Não há uma via fiscal para o socialismo, era bom que houvesse mas não há, e no dia em que a política fiscal estiver condicionada a uma luta de classes, podem fechar as portas da Autoridade Tributária e Aduaneira. Isto não quer dizer que não se possa promover a equidade fiscal através da criação de impostos ou da manipulação das suas taxas, como diria o SEAF uma das funções da fiscalidade é a redistribuição do rendimento, mas isso não significa que para o fisco há bons e há maus. Se o caminho for esse não tarda muito a que um poobre que seja chamado a um serviço de finanças desate a gritar que o chefe do serviço é um perigoso contra.-revolucionário e que se vai queixar dele à Mariana Mortágua.
Não se cobram impostos aos mais ricos para aumentar as pensões mais baixas, se a lógica da política fiscal for essa passamos a aumentar os impostos sobre uns para dar a outros, como se os sistema fiscal fosse uma espécie de Robin dos Bosques. Dizer que se cria um imposto para aumentar as pensões dos mais pobres pode ser música para os ouvidos dos que recebem essas pensões, mas além de ser uma abordagem que viola o princípio da não consignação das receitas é uma imbecilidade.
Isto é uma desvalorização fiscal ao contrário, Vítor Gaspar desvalorizou por via fiscal nos trabalhadores para dar aos patrões, agora desvaloriza-se os ricos para revalorizar os pobres. O ministro de Passos Coelho tentou aumentar a TSU dos trabalhadores para a entregar aos patrões, como não o conseguiu promoveu a desvalorização fiscal do trabalho aumentando o IRS com a sobretaxa para entregar a receita adicional aos patrões sob a forma de reduções no IRC. Agora Catarina Martins quer que se desvalorize a riqueza dos mais ricos para entregar a receita a uns quantos mais pobres, aqueles que por não terem feito descontos têm direito a uma reforma mínima. Nada mais simples.
O problema do discurso do BE é que considera que os ricos são uns malandros e como tal devem ser tratados pela máquina fiscal, enquanto os pobres são as novas virgens do fisco. Daqui para a frente o combate à evasão fiscal é um instrumento da luta de classes, que deve estar ao serviço dos mais pobres, porque os ricos não pagam impostos, a acção do fisco deve obedecer aos desafios da Mariana Mortágua.
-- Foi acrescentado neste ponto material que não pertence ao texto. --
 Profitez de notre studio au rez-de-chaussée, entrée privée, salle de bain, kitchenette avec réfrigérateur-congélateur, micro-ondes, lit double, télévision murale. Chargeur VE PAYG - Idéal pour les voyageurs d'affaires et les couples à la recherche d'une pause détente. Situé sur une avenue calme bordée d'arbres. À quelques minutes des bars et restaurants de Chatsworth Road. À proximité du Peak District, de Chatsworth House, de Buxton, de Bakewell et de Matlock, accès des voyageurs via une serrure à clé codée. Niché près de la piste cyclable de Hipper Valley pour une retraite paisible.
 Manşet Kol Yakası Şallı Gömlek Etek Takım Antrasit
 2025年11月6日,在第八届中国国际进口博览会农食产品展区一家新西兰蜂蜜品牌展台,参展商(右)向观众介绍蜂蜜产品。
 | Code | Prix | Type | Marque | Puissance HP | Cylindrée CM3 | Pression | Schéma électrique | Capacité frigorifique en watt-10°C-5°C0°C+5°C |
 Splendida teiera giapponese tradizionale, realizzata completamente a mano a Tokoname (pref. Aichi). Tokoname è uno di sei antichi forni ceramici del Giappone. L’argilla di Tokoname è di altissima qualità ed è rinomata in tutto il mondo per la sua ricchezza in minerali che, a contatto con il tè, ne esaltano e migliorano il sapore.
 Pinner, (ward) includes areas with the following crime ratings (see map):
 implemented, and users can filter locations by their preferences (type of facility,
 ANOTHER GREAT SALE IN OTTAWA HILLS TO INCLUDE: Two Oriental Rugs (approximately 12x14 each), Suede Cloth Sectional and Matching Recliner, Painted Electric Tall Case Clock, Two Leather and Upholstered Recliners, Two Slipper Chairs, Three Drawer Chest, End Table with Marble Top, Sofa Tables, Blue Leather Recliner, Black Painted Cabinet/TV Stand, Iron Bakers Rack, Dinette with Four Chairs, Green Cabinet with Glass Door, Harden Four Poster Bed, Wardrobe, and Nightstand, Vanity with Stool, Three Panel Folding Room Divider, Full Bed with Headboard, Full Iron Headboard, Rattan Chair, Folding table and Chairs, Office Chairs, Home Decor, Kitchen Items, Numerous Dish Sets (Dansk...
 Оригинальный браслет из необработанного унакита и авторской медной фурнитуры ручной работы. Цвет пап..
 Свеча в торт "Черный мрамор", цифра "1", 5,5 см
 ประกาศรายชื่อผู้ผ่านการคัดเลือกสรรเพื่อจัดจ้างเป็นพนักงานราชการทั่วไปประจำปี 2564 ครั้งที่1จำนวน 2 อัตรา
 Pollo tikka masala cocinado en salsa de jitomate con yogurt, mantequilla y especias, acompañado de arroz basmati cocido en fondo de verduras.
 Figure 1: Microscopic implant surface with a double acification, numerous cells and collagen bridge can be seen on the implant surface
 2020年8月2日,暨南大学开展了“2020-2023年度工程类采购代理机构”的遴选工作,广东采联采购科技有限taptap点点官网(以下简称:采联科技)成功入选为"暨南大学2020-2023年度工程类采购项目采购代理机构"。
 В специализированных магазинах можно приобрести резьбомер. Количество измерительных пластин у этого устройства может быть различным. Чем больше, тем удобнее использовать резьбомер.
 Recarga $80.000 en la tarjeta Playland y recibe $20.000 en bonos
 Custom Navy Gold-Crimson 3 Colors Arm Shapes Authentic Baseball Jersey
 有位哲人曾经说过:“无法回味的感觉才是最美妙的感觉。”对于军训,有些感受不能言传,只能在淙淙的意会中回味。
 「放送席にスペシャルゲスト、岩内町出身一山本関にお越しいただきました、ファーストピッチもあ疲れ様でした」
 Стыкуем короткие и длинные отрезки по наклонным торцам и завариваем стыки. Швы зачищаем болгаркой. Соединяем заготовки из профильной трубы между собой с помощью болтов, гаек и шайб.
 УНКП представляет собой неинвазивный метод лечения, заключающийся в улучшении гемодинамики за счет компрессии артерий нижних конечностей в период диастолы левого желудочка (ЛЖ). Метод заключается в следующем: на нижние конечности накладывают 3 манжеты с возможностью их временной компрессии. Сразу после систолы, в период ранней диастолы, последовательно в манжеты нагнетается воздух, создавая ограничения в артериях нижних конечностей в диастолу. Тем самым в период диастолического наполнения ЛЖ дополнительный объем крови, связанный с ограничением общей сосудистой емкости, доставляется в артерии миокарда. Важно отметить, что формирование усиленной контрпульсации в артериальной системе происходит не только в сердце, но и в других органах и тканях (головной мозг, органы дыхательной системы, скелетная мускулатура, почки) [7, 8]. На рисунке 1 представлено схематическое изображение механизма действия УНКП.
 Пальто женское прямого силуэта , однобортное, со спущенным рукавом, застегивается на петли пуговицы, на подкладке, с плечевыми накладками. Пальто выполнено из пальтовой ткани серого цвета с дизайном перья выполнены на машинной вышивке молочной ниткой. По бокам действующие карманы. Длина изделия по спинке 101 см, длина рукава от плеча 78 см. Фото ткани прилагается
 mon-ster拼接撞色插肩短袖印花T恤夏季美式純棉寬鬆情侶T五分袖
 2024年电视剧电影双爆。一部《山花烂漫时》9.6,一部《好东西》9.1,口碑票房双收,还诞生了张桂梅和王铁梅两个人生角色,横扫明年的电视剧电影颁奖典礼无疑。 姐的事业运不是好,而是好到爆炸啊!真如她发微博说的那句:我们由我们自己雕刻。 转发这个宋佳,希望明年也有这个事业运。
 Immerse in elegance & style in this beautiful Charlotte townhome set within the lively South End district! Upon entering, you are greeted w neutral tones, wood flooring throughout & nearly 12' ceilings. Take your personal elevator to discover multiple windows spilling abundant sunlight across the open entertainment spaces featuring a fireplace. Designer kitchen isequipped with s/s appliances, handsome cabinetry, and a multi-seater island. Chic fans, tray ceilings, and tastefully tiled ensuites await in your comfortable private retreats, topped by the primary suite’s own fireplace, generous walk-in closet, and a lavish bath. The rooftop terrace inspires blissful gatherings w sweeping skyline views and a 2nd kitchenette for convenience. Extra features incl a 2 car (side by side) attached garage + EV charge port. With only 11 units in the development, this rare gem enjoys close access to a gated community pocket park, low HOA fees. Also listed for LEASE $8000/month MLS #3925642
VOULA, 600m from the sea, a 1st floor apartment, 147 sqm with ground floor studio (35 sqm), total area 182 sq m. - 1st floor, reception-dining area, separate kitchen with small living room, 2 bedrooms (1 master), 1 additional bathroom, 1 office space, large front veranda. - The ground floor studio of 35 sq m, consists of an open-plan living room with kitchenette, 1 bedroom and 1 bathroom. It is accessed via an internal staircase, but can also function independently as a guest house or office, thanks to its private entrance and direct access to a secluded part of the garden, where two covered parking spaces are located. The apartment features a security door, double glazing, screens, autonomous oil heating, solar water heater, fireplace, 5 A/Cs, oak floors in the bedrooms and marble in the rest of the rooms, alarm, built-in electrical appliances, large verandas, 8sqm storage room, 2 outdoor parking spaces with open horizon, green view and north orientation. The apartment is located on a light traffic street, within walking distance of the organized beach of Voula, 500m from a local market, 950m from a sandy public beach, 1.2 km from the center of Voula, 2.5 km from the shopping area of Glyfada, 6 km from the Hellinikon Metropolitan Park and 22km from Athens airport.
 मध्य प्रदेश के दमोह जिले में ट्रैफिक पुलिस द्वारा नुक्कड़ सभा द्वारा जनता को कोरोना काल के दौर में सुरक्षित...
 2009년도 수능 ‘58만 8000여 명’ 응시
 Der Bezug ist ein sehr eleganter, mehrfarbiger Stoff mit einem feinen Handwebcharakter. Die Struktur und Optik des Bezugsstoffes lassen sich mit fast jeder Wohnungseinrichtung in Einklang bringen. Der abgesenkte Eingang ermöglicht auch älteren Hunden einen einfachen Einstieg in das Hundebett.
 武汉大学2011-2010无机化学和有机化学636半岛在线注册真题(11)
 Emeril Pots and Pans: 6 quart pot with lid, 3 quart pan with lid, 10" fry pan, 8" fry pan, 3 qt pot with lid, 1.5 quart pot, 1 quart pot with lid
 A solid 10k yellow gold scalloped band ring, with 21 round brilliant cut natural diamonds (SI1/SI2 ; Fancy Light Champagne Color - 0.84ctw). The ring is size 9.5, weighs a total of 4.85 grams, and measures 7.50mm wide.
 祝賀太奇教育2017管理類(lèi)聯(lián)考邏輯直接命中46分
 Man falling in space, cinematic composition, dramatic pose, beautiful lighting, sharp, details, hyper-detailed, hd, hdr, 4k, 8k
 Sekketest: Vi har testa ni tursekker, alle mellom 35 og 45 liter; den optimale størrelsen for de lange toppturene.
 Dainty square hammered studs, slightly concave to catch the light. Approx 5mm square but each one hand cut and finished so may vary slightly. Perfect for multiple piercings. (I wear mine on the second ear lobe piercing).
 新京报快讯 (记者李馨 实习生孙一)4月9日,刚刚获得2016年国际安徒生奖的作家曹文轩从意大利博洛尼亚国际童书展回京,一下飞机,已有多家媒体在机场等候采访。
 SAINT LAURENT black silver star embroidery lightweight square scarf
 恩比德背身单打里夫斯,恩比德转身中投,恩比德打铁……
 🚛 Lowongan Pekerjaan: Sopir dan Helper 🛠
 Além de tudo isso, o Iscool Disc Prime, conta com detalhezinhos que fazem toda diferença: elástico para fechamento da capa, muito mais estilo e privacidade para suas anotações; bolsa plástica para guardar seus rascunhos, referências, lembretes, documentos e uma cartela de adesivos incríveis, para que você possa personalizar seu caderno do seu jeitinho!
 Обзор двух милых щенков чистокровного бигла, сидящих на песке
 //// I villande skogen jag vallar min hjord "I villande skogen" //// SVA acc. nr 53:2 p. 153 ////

Segundo esta lógica vamos ter um fisco chavista onde os dirigentes devem esquecer os pobres que não paguem os seus impostos, para se concentrarem nos ricos, porque segundo esta lógica a evasão fiscal por parte dos pobres gera justiça social e equidade, quanto maior for a evasão fiscal por parte dos pobres mais o fisco terá de ir buscar aos ricos.
Acontece que os pobres também são campeões na fuga ao fisco e muitos trabalhadores pobres andam de braço dado com os patrões na fuga ao fisco. Em Portugal há muitos milhares de trabalhadores nos mais variados sectores e, em particular, na construção e na hotelaria que para ganharem mais dividem com os patrões os benefícios do trabalho "pago por fora". Uma boa parte dos trabalhadores destes sectores recebe uma parte do ordenado e as horas extraordinárias "fora da folha" e muitos deles nem sequer são declarados, falseando as estatísticas do desemprego e, não raras vezes, recebendo o subsidio de desemprego.
O cumprimento das obrigações fiscais é um dever de cidadania e quando considerarmos que o incumprimento deve ser avaliado de forma diferente em função do estatuto social estamos destruindo todos os princípios da fiscalidade e recuando muitos anos no tempo.